Trouble with large set of data

  • Hi,

    I'm having extreme trouble with getting some data from a table containing 145 million entries.

    I have 2 queries:

    Query 1:

    SELECT item_code

    FROM TBL_ITEMS

    WHERE item_desc LIKE '%shoes%'

    Query 2:

    SELECT store_code, SUM(items_sold)

    FROM TBL_SALES

    WHERE date_sold > '2009-01-01'

    AND item_code IN ('tennis-shoes-123','golf-shoes-456')

    GROUP BY store_code

    Query 1 gives me all item_codes for items that are shoes. Query 2 gives me total number of items sold per store for 'tennis-shoes-123' and 'golf-shoes-456' since the start of the year.

    Problem is, I can run both queries fine, but when I substitute the entire Query 1 in Query 2 the query takes EXTREMELY LONG to execute. In effect I have:

    Query 3:

    SELECT store_code, SUM(items_sold)

    FROM TBL_SALES

    WHERE date_sold > '2009-01-01'

    AND item_code IN (SELECT item_code FROM TBL_ITEMS WHERE item_desc LIKE '%shoes%')

    GROUP BY store_code

    TBL_SALES is the table with 145 million entries. It also sits on a different server than TBL_ITEMS. I've never let the query complete execution, because it takes too long. Also, canceling the execution takes on average 10 minutes.

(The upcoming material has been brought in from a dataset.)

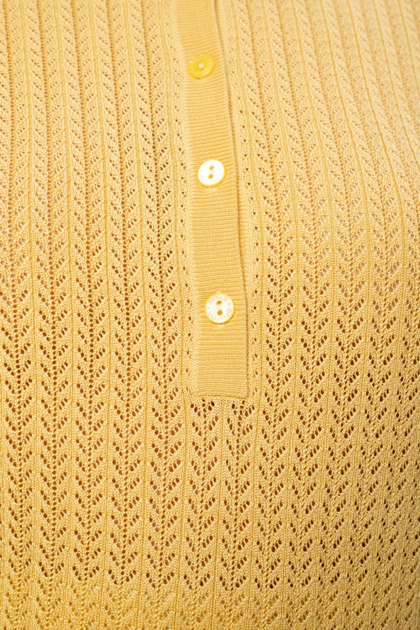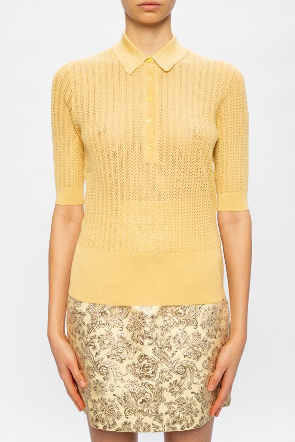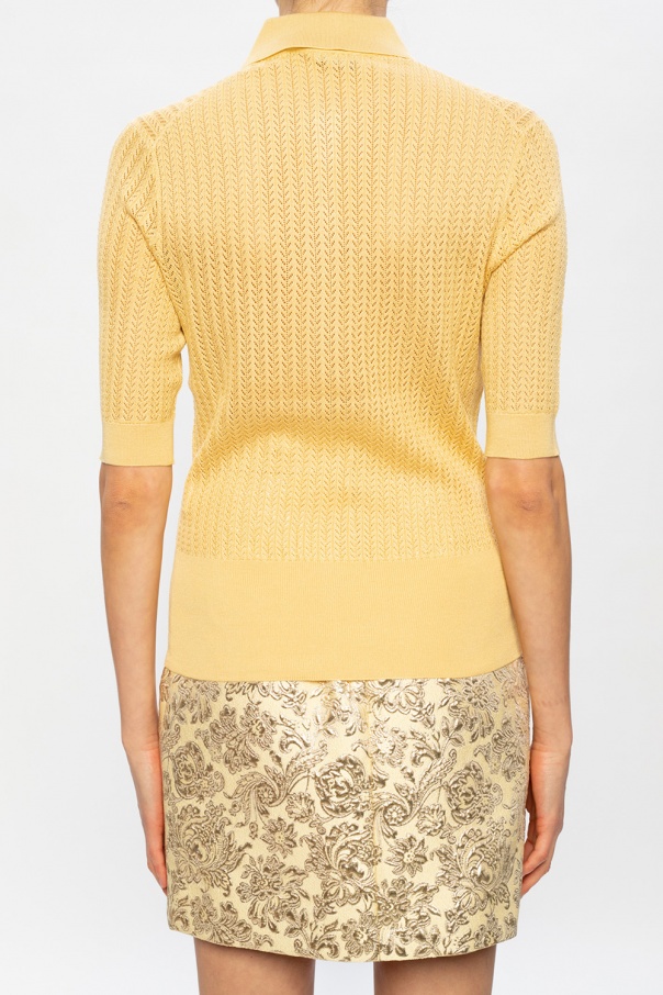 Yellow polo shirt from Dolce & Gabbana. Featuring an openwork silk construction, this style fastens via buttons and is complete with ribbed trims at the bottom hem and cuffs.

    Any ideas or suggestions?

  • Just a suggestion have you run these queries in SSMS and displayed the actual / estimated execution plans?. And since your request is for improving performance please post following as closely as you can the

    articles referenced in my signature block. In other words help us help you.

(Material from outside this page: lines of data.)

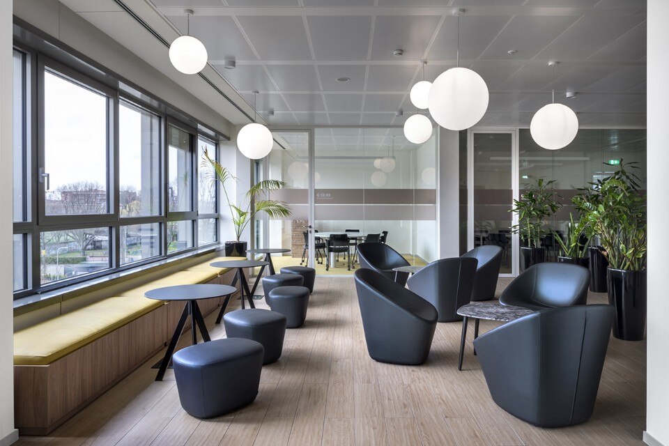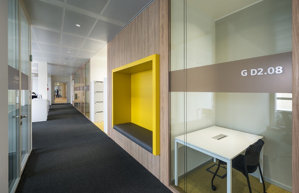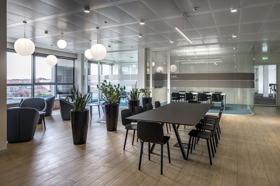 Il progetto degli interni, realizzato dallo studio Lombardini 22 – in collaborazione con DEGW per il workplace e FUD per la segnaletica – utilizza i nuovi smart wall P660, prodotti da Faram, per definire le diverse tipologie di ambienti: spazi per riunioni, brainstorming, svago e incontro ma anche per il lavoro individuale e meeting privati.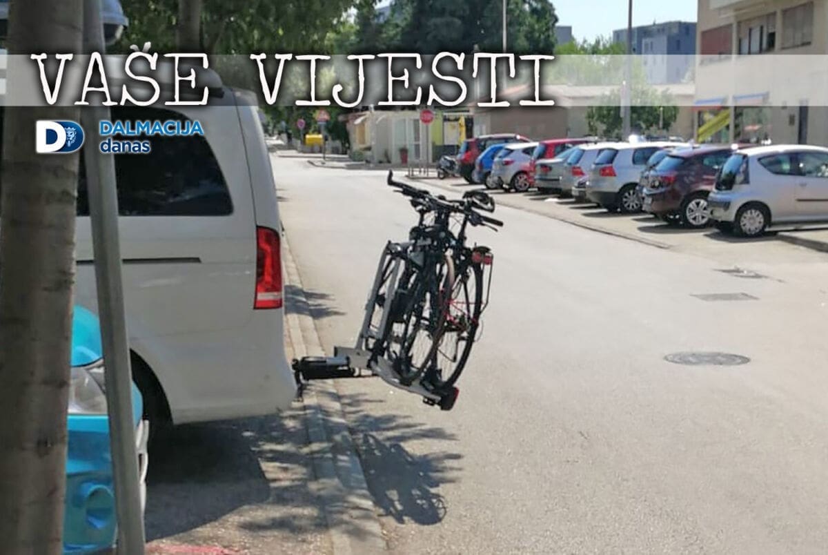 Više nego zanimljiv prozor snimio je naš čitatelj danas poslijepodne na cesti s istočne strane Jokera u Splitu. Kombi stranih tablica bio je parkiran na parkingu uz cestu, a straga je imao držač za bicikle koji su stršali više od metra unutar kolničkog traka.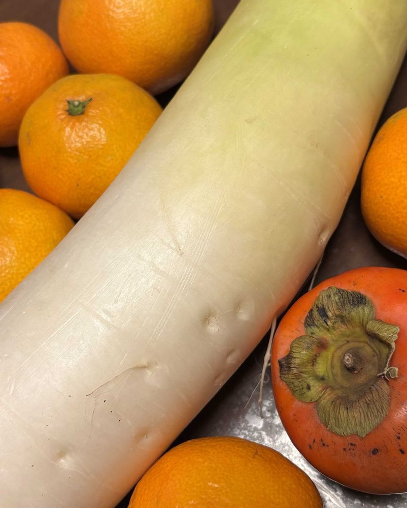大根&ブロッコリー&赤大根&柿&私の好きなみかんも貰ったので…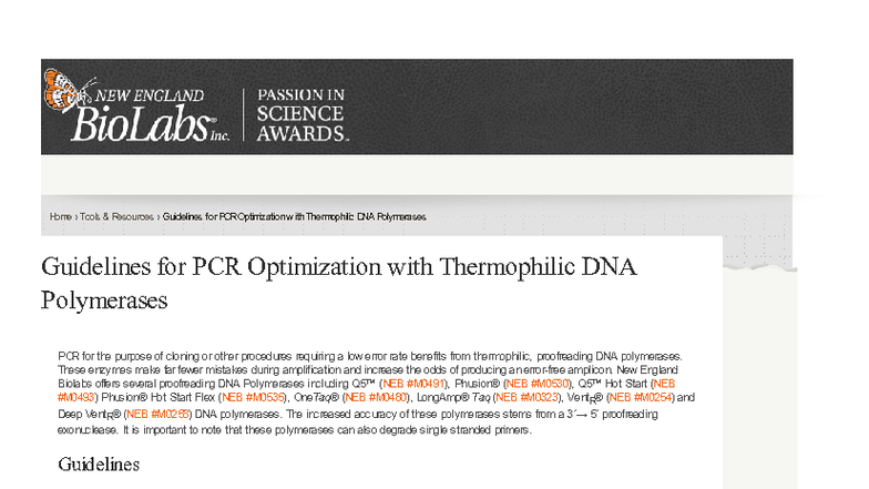 Guidelines for PCR Optimization with Thermophilic DNA Polymerases - Studocu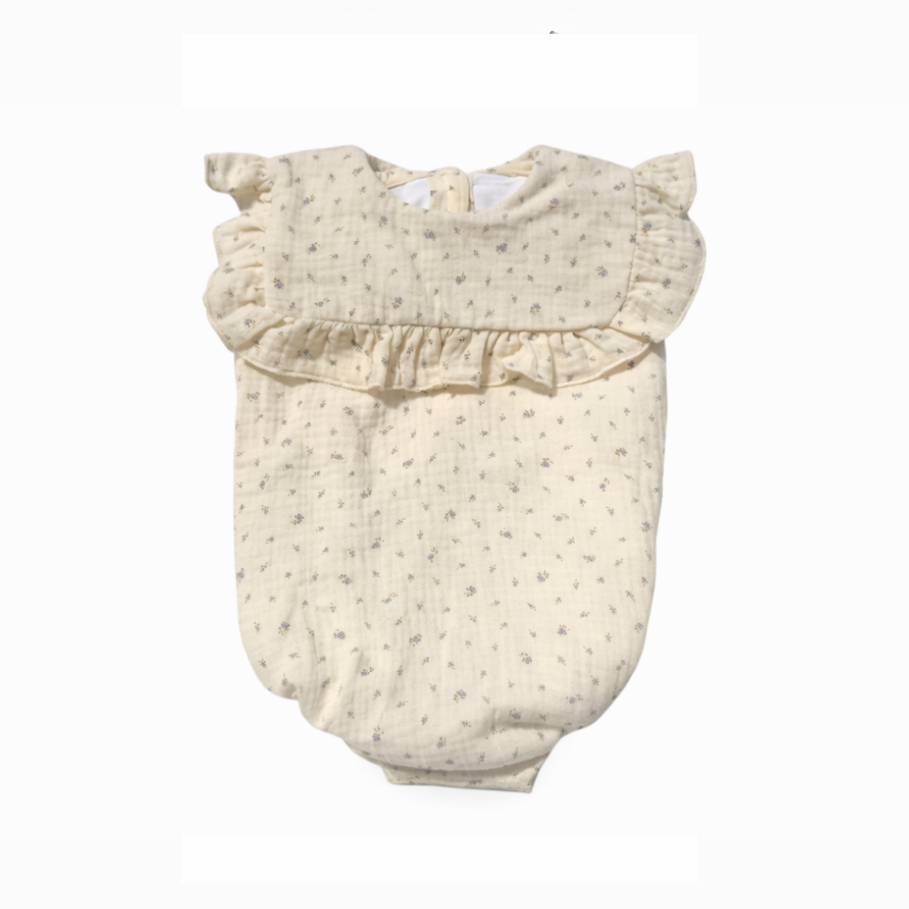 Pelele crema con cuello volante y estampado floral. Suave, dulce y perfecto para los primeros meses.

    You may also wish to read this article on SCC

    http://qa.sqlservercentral.com/columnists/jsack/570Xch28FINAL.pdf

    edited 6:42 PM

    If everything seems to be going well, you have obviously overlooked something.

    Ron

    Please help us, help you -before posting a question please read[/url]
    Before posting a performance problem please read[/url]

  • i've seen similar queries that hit multiple servers with the same or more rows take days to execute. you are better off working on smaller chunks of data at a time so the plan doesn't do a clustered index scan

  • SQL Noob (11/18/2009)


    i've seen similar queries that hit multiple servers with the same or more rows take days to execute. you are better off working on smaller chunks of data at a time so the plan doesn't do a clustered index scan

    I don't think that would help at all...

    As long as there is a condition "LIKE '%shoes%'" it will always perform a table/index scan. It's like looking for phone numbers of people with the first name = Adam in a phone book...

    Another option might be using the full-text search concept, if the type of data selection is frequently use (wildcard/freetext) search. (Nothing I had to use so far, though...)



    Lutz
    A pessimist is an optimist with experience.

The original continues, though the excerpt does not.